On success: reconstruct the RegretTable (populate from blueprint.regret + blueprint.avgStrategy Float32Array buffers). Atomic swap of the held state.
On BlueprintVersionError: log + keep the prior blueprint (or null if no prior). Don't crash the copilot on a stale daemon emission.
dispose() unsubscribes and clears the held blueprint. Idempotent.

Cold-start semantics¶

When current() is null, callers should treat the SolverAgent as running in "subroutine-prior-only" mode — the bank still produces a useful policy via the doctrinal weights, just without the trained regret signal. The agent logs this state.

`SolverAgent` contract¶

Implements the Agent interface from services/copilot/src/types.ts:

interface Agent {
  evaluate(
    track: TrackSnapshot,
    world: WorldSnapshot,
    context?: EvaluationContext,
  ): Promise<AgentDecision>;
  name: string;
}

Decision flow¶

async evaluate(track, world, ctx):
  1. Build GameState via buildGameState({world, truth: EMPTY_SCENARIO_TRUTH, ...})
     (the live mirror doesn't carry truth — the agent sees what it sees)
  2. legalActions = createTacticalDynamics().legalActions(gameState)
  3. Build SubroutineContext = { info: gameState, viewer: "blue", legalActions }
  4. blueprint = blueprintHolder.current()
     regretTable = blueprint?.blueRegret ?? createRegretTable(64)  // cold-start uniform
  5. policy = bank.composedPolicy(ctx, regretTable)
     // Float32Array of probabilities over legalActions
  6. Pick the highest-mass action a* (argmax of policy)
     (Could also sample — argmax is the textbook "exploit" pick for online play.)
  7. If a*.kind === "withhold": return { kind: "withhold", reason: rationale }
     Else: return { kind: "propose", effect, effector, rationale, predictedOutcome }
  8. Rationale: bank.explain(ctx) → SubroutineTrace[] → map each trace.rationale
     to a string in the decision's rationale[] field. Prepend a one-line
     "solver-blueprint <warm|cold> · <N> iter" header.
  9. predictedOutcome: policy[argmax_index] — the probability mass on the chosen action

Filtering legalActions to "engage" / "withhold"¶

The bank operates over the FULL action space (engage × effects × effectors + withhold). The copilot's AgentDecision shape only carries effect + effector for engage proposals OR a withhold reason. Map:

Argmax {kind: "engage", effect, effectorId} → {kind: "propose", effect, effector: effectorId, ...}
Argmax {kind: "withhold"} → {kind: "withhold", reason: "policy says withhold"}
Red-side actions never appear (we only ever evaluate Blue's decision node)
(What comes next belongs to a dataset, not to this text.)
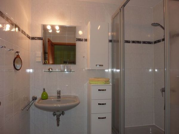 Im Bad finden Sie Dusche, WC, Handwaschbecken und Fön.
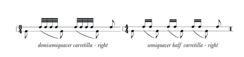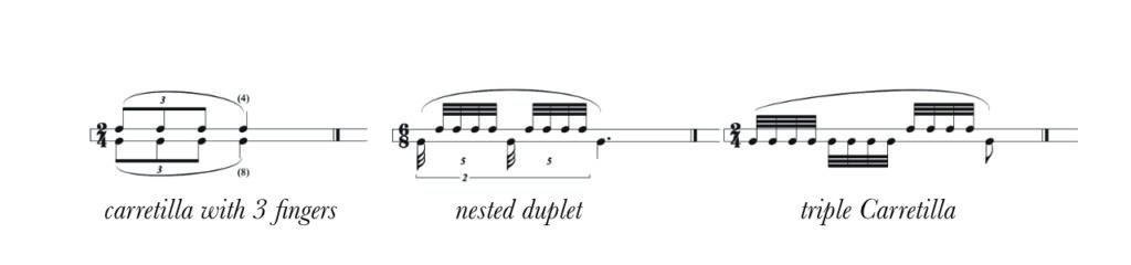 I begin a carretilla with a pulse beat starting from the little finger and then sliding each of the four fingers of one hand over the castanet in succession, applying pressure to produce a beat with each subsequent finger. To make it clear that this is a so-called ‘carretilla resbalada’, I use slurs, or ‘legato arcs’, in the notation.

`evaluate()` timing budget¶

Per services/copilot/src/types.ts: "resolve within a few seconds and never throw." The SolverAgent's path is O(legal_actions × subroutines × 1) per evaluate — a few hundred microseconds. No risk of timing out.

Cold-start logging¶

When blueprintHolder.current() === null, prepend rationale with:

"solver-blueprint cold; subroutine-prior only — daemon hasn't published yet"

When warm, prepend with:

"solver-blueprint @ <iterations> iter · ε=<osEpsilon>"

The operator-facing intel stream gets this verbatim; helpful for telling whether the solver is in cold-start mode during the demo.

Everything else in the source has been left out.